The Eagle Ford Shale was the star of SM Energy Co.’s second quarter production story. The Denver-based company grew its average daily operated production in the oily play by 92% over the year-ago quarter. SM Energy is gaining on efficiencies and driving down costs in the South Texas play, executives told analysts following the company.

The Eagle Ford program was the largest driver of company-wide production gains, CEO Anthony Best said.

“…[W]e’re going to be able to drill, complete and flow to production roughly 20 more wells, at a total cost close to our original budget for the year [in the Eagle Ford],” he said. “We are benefiting from a number of efficiencies in both the operated and non-operated programs in the Eagle Ford…”

SM Energy’s operated net production in the Eagle Ford shale averaged 66,1000 boe/d, a 28% sequential increase over first quarter production of 51,800 boe/d. SM Energy made 22 flowing completions in the program during the quarter. Due to operational efficiencies from pad drilling, the company expects to make about 95 flowing completions this year on the operated Eagle Ford acreage. The last 15 wells in the Briscoe area averaged a cost of $5.4 million per well, a 13% decrease in the cost per foot versus last year. As a result, additional completions over the original budget of 75 are not expected to significantly increase capital investment, the company said.

“The biggest story in our Eagle Ford program…is really in our increasing development efficiency,” said COO Jay Ottoson. “Our last 15 wells in the Bristol area averaged $5.4 million per well, a 13% decrease in the cost per foot of well over the last year.

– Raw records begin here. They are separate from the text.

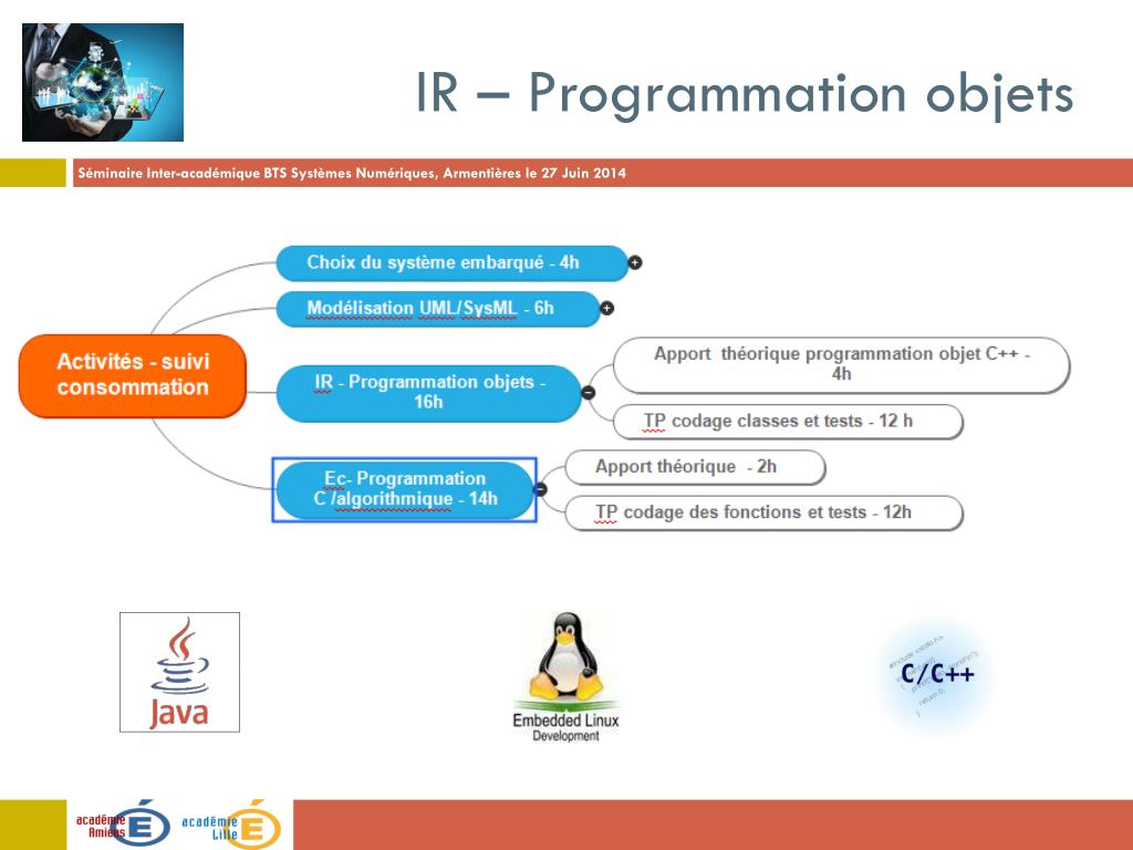 IR – Programmation objets • C3.10 Réaliser la conception détaillée d’un module matériel et/ou logiciel. • C4.4 Développer un module logiciel. • C4.5 Tester et valider un module logiciel et matériel. • C4.6 : intégrer un module logiciel • Réaliser tout ou partie du codage de l’application embarquée en C++, java (approche objets).
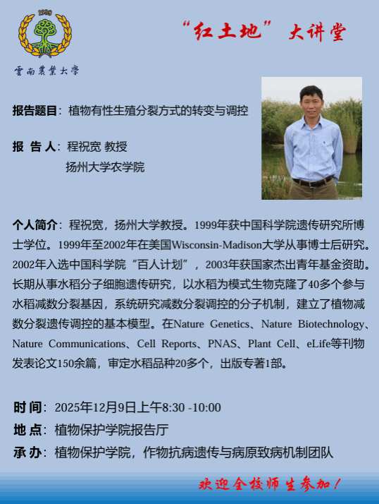 12月9日“紅土地”大講堂:植物有性生殖分裂方式的轉變與調控
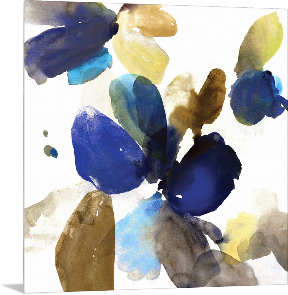 <p>Abstract watercolor artwork of organic blue and gold shapes on cream.</p>
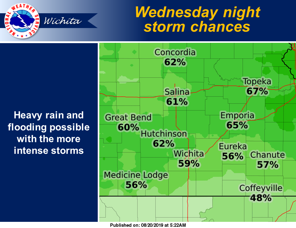 Additionally, NWS has reported that storms are expected this evening and overnight for mainly central Kansas. The stronger storms will be capable of hail up to nickel size, 50 mph winds and heavy rain.
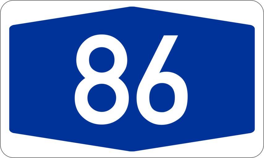 Keywords: Bundesautobahn 86 number.svg Bundesdeutsche Autobahnnummer Automatisch erzeugt durch 3247 German Autobahn number signet Created automatically by 3247 Bundesautobahn numbers 086 86 number
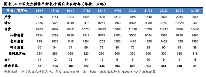 3.2 2024/25 年度中国大豆产量、消费量、期末库存环比持平
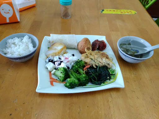 Friendly lady at the counter who treated me (a hijab -wearing Muslim lady) well and even tried to strike conversation. So you go in, grab a plate by the door, put whatever food from the display onto your plate and send it to be weighed at the counter. They will then give you a bowl of rice to go with it. Soup, next to the counter, is free. Price was very affordable. My plateful of assorted dishes, with a bowl of rice cost less than 100 Taiwan dollars. Highly recommended for non-chinese tourists looking for vegetarian food (I gave only 4 stars cos the food was kinda oily and not too healthy despite...

Because of these cost savings, we expect to now be able to bring on 95 wells in 2013, a 20-well increase over our original plan, while spending little more than our original budget.

“…[A]t this point of the year, our operated Eagle Ford production is ahead of where we expect it to be, and our improved capital efficiency in the play is the major reason we can increase our corporate production guidance with very little additional spending on rate-generating projects.”

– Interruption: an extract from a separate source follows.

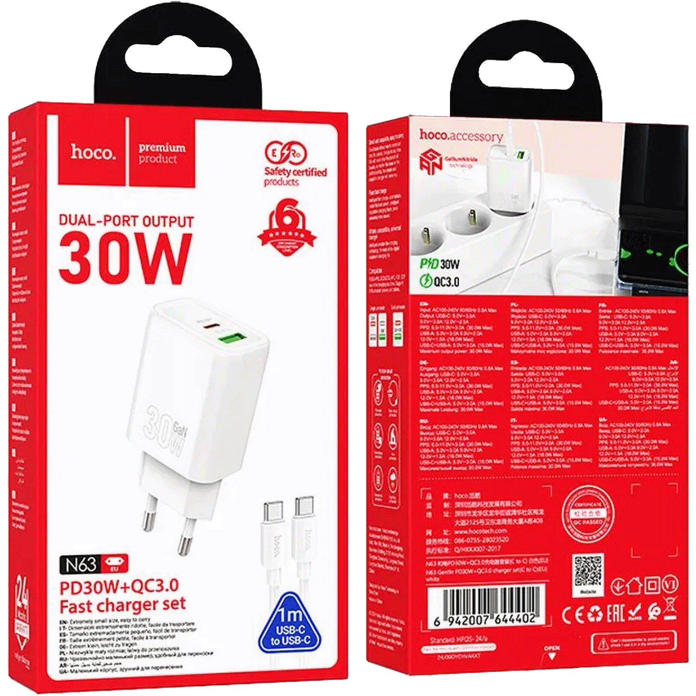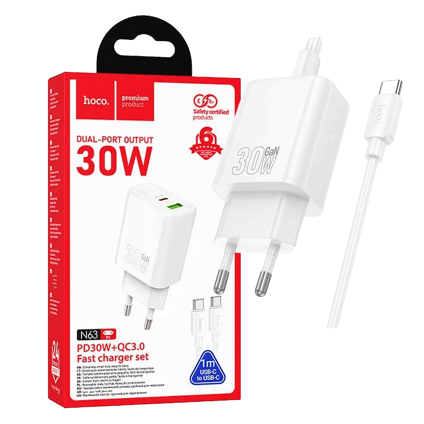 Hoco N63 zidni punjač s funkcijom brzog punjenja i dvostrukim izlazom. Omogućuje brzo punjenje mobilnih uređaja. Uključeno s 1-metarskim USB -C – USB -C kabelom.

In the company’s non-operated Eagle Ford program, net production averaged 17,400 boe/d, a 9% sequential increase over the first quarter and an 83% increase over the second quarter of 2012. The operator, Anadarko Petroleum Corp. (APC), ran nine drilling rigs during the quarter, and an Anadarko affiliate placed into service a gas processing plant late in the second quarter and increased firm transportation capacity for the properties, SM Energy said.

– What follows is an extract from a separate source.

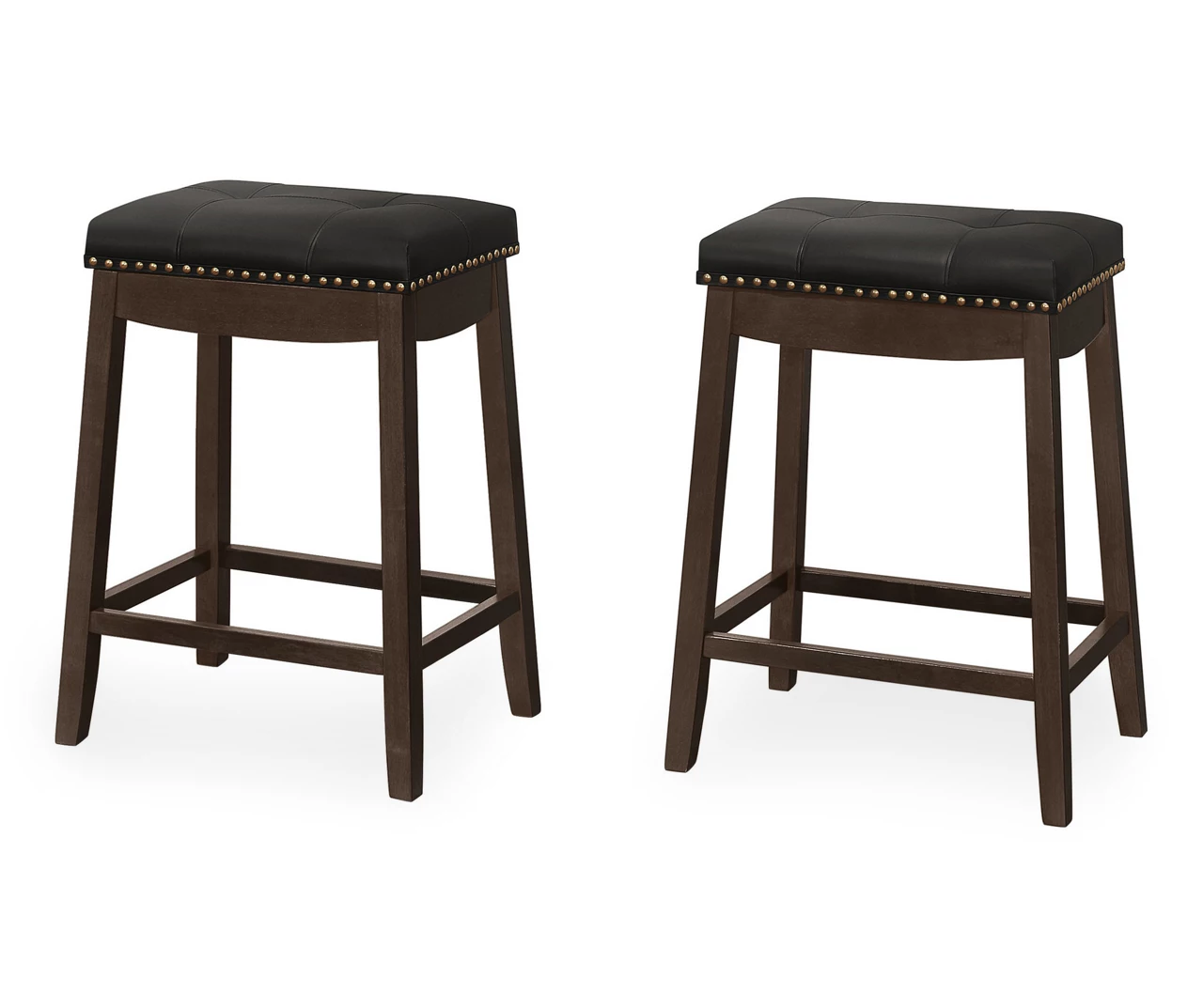 Traditional design details give these barstools a timeless style. Upholstered in a black leather-look fabric, the rectangular seats feature thick cushions with biscuit tufting that enhances the soft feel of the padding. Nailhead trim in a brass finish around the seats and curved aprons underneath further add to the classic, pub-like appeal of these counter-height chairs. Solid wood legs provide stability and are in a rich, dark-brown espresso finish, while footrests are ideally positioned to relax your feet. Sold as a set of two, these stools have a space-saving, backless design that allows them to be tucked neatly underneath a kitchen island or counter-height table when not in use.
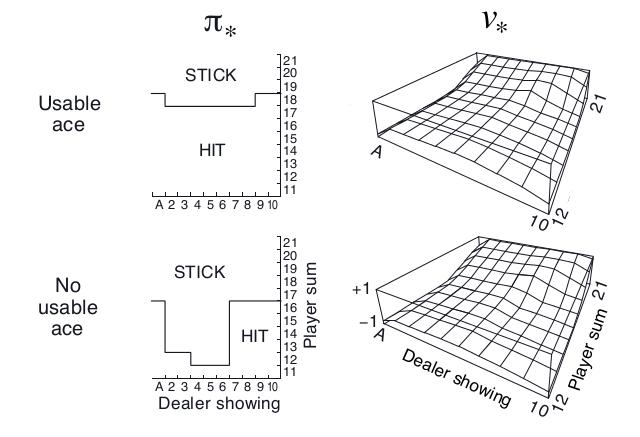 玩家的状态有多少种呢?首先是自己的当前得分,因为如果当前不超过11点,那么必然可以要牌而不爆掉,因此状态是12-21共10种可能。而另外的信息就是庄家亮牌 ace-10 共十种(花牌和10 没区别)。还有一点就是Ace,如果玩家有一个Ace而且可以把它算作 11而不爆,那么这个 Ace就叫可用(Usable)的 Ace。如果 Ace 算作 11 就爆了,那么它只能算 11,也就是不能再(根据不同情况)变化了,也就不“可用”了。如果Ace可以算11,那么我们一定把它算成11,因为如果算成1,那么分就一定小于等于11(否则就爆了),那么我们一定会继续要牌,这个状态是不需要决策的,直接变成一个新的状态。

Ottoson said SM Energy is encouraged by Anadarko’s results in the play with regard to longer laterals and revised frack designs.

“We learn a great deal from our partnership with APC, which is an additional benefit to us beyond the opportunity to participate in a very economic development,” he said. “We believe the operator will be running at least nine rigs for the remainder of this year. As you know, we’re being carried by Mitsui on essentially all our share of drilling and completion costs into 2014.”

Overall SM Energy quarterly production was 11.99 million boe, resulting in average daily production of 131,800 boe/d, which is 12% above the midpoint of the company’s guidance of 115,000-121,000 boe/d. Reported average daily production increased by 15% from quarterly production of 115,000 boe/d in the first quarter of 2013.

Production in the second quarter was 27% oil/condensate, 19% natural gas liquids (NGL), and 54% natural gas. The increase in the quarterly natural gas percentage reflects a backlog of wells in oilier portions of the Eagle Ford Shale that the company expects to be placed on production during the third quarter.

SM Energy reported net income of $76.5 million ($1.13/share) compared to net income of $24.9 million (37 cents/share) for the same period of 2012. Adjusted net income was $51.8 million (76 cents/share) compared to $5.9 million (9 cents/share) for the year-ago period. Operating revenues were $559.4 million compared to $304.4 million for the same period of 2012, representing an 84% increase.